SOFTWARE RELIABILITY
• Software reliability is defined in statistical terms as "the
probability of failure-free operation of a computer program in
a specified environment for a specified time“.
• What is meant by the term failure?
– In the context of any discussion of software quality and reliability,
failure is nonconformance to software requirements.
– Correction of one failure may in fact result in the introduction of other
errors that ultimately result in other failures.
• Software reliability can be measured directed and estimated
using historical and developmental data.
Measures of Reliability and Availability
• A simple measure of reliability is mean-time- between-failure
(MTBF), where
MTBF = MTTF + MTTR
The acronyms MTTF and MTTR are mean-time-to-failure and
mean-time-to-repair, respectively.
• MTBF is a far more useful measure than defects/KLOC or
defects/FP.
• Stated simply, an end-user is concerned with failures, not with
the total error count. Because each error contained within a
program does not have the same failure rate, the total error
count provides little indication of the reliability of a system.

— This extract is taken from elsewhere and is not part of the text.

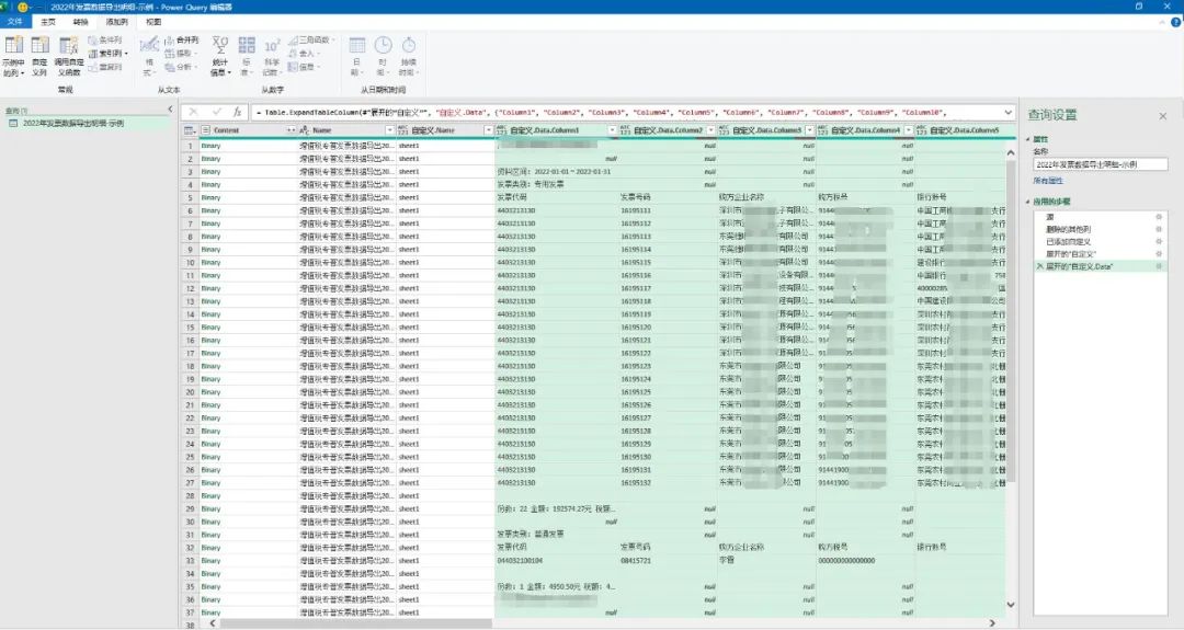 1-7月的发票明细数据下载到Power Query 查询器中。经整理清洗数据,导出如下表格,10几个文件直接合并加载到单个Excel文件。

• In addition to a reliability measure, we must develop a
measure of availability.
• Software availability is the probability that a
program is operating according to
requirements at a given point in time and is
defined as
Availability = [MTTF/(MTTF + MTTR)]
100%
• The MTBF reliability measure is equally
sensitive to MTTF and MTTR.
• The availability measure is somewhat more
sensitive to MTTR, an indirect measure of the
maintainability of software.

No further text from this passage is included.